ViralFusionSeq did not terminate successfully on sample 180N.
We attempted to run VirusSeq three times on these WGS samples. The first trial failed because the size of its intermediate files exceeded our cluster quota. After getting more space, we reran VirusSeq. After non-stop running for a whole week, all our jobs were killed in server due to their exceeding allocated time – not realizing initially the long computation time of VirusSeq on WGS samples. In our latest trial of VirusSeq on February 13, 2013, we requested 35 GB memory, 8 CPUs, 30 days for each job and resubmitted our jobs to ACCRE. Seven jobs were scheduled to run first.
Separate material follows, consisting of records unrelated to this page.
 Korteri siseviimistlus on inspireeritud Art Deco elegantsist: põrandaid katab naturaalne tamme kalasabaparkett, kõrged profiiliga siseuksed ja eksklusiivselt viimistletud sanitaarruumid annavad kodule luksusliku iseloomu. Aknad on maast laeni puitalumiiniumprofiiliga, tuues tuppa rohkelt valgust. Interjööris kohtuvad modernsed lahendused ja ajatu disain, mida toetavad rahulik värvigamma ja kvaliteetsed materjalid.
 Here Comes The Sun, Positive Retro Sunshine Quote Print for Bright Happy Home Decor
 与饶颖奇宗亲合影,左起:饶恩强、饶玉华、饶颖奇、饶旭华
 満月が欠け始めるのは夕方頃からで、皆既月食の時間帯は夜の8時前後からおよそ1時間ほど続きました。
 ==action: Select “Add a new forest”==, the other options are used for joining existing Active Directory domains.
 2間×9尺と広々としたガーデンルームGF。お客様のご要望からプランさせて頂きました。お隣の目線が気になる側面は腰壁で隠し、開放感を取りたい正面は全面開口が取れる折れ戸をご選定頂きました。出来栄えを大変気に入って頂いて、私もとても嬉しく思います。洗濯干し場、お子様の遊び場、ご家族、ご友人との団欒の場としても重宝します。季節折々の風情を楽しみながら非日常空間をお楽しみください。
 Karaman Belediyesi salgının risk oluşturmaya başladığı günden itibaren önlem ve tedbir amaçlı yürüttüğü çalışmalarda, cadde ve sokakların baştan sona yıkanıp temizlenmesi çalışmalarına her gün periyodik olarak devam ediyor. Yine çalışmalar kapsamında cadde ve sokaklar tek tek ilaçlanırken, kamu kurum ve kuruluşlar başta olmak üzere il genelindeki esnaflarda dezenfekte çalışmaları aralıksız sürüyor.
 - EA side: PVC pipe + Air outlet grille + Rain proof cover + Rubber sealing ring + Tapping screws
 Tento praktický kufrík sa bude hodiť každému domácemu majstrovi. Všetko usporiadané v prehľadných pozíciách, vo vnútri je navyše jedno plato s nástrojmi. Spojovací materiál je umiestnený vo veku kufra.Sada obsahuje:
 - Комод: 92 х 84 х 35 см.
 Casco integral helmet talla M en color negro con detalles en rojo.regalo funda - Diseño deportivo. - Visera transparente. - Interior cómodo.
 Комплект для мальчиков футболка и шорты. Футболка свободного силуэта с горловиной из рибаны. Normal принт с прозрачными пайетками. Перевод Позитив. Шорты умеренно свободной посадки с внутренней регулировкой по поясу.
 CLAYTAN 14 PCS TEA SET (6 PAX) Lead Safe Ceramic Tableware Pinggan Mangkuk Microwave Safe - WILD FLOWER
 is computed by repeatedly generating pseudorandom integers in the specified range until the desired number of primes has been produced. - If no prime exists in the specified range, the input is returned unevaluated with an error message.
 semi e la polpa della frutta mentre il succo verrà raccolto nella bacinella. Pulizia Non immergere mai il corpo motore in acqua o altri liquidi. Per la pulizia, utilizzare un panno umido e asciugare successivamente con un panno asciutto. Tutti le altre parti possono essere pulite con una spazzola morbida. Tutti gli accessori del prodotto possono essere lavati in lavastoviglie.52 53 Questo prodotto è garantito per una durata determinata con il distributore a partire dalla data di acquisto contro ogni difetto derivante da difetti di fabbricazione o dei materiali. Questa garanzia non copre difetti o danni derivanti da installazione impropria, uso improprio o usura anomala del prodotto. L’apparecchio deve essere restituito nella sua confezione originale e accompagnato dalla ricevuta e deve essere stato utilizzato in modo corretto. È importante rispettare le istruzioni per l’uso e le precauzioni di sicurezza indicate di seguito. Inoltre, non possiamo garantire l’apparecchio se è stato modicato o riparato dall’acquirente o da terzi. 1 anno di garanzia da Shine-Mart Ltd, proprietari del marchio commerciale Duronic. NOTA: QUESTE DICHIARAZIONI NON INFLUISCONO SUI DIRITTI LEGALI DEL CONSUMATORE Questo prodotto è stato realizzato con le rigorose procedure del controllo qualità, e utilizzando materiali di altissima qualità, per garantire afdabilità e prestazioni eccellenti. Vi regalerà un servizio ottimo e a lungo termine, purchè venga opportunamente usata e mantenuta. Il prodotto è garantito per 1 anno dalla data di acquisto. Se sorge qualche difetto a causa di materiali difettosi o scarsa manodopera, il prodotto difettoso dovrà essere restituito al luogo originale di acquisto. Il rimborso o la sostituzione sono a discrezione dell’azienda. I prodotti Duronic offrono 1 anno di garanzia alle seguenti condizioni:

After twelve and a half day, all these jobs were killed due to an unexpected internal network outage of ACCRE. Though we were not able to make VirusSeq terminate successfully on these WGS samples due to expensive computing, we may conclude from the data that VirusFinder runs much faster than VirusSeq.